Opinion
No. 511370.
June 23, 2011.
Appeal from a decision of the Unemployment Insurance Appeal Board, filed October 1, 2010, which ruled that claimant was ineligible to receive unemployment insurance benefits because she had a reasonable assurance of continued employment.
Patricia J. Murphy, New York City, appellant pro se.
Eric T. Schneiderman, Attorney General, New York City (Marjorie S. Leff of counsel), for respondent.
Before: Peters, J.P., Rose, Malone Jr., Stein and Garry, JJ.
Claimant was employed as a per diem substitute teacher in Manhattan and the Bronx by the New York City Department of Education during the 2008-2009 school year for a total of 154 days. On June 12, 2009, claimant was sent a letter by the employer assuring her of continued employment during the upcoming 2009-2010 school year, with the amount of work available and the economic terms and conditions of employment to be substantially the same as in the previous year. Claimant applied for unemployment insurance benefits for the summer of 2009 and the Unemployment Insurance Appeal Board ultimately determined that she was ineligible to receive them as she had received a reasonable assurance of continued employment pursuant to Labor Law § 590 (10). Claimant now appeals.

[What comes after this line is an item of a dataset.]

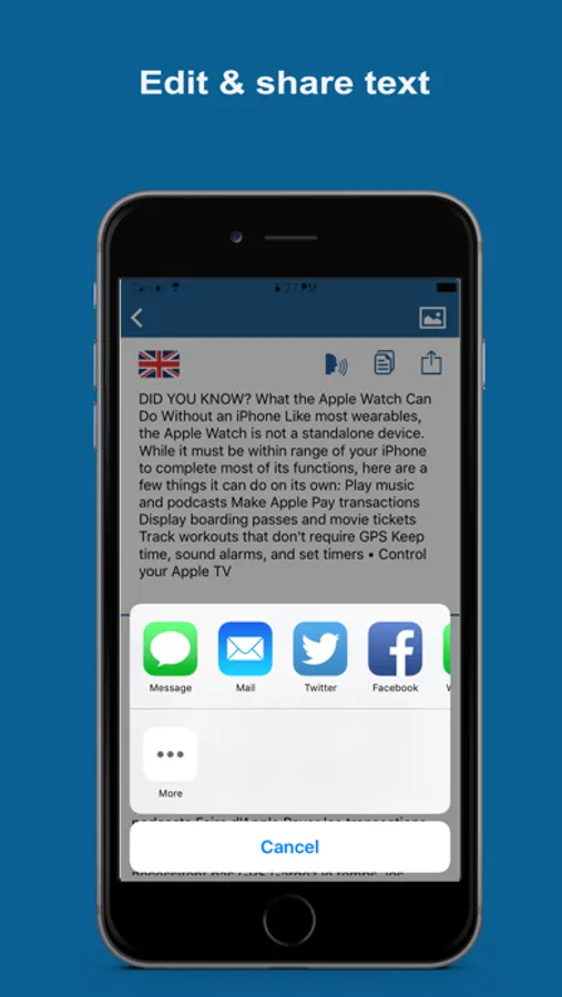 Extracted text ,translated text and also captured images can be shared via email, messages and social media.

We affirm. A professional employed by an educational institution is precluded from receiving unemployment insurance benefits for the period between two successive academic years when he or she has received a reasonable assurance of continued employment ( see Labor Law § 590; Matter of Sultana [New York City Dept. of Educ. — Commissioner of Labor], 79 AD3d 1552, 1553; Matter of Schwartz [New York City Dept. of Educ — Commissioner of Labor], 68 AD3d 1323, 1324). Here, a representative from the employer testified that claimant would have as many opportunities to work during the 2009-2010 school year as she had the prior year because there were expected to be the same number of teachers and students, there were no budgetary or other impediments to hiring claimant and the list of potential substitute teachers had been reduced from 12,000 to 9,000. That testimony, along with the letter sent to claimant and her professed belief that she would be offered the same amount of work, provide substantial evidence to support the Board's determination ( see Matter of Schwartz [New York City Dept. of Educ. — Commissioner of Labor], 68 AD3d at 1324; Matter of Jeanty [New York City Dept. of Educ. — Commissioner of Labor], 65 AD3d 1437, 1438).
Ordered that the decision is affirmed, without costs.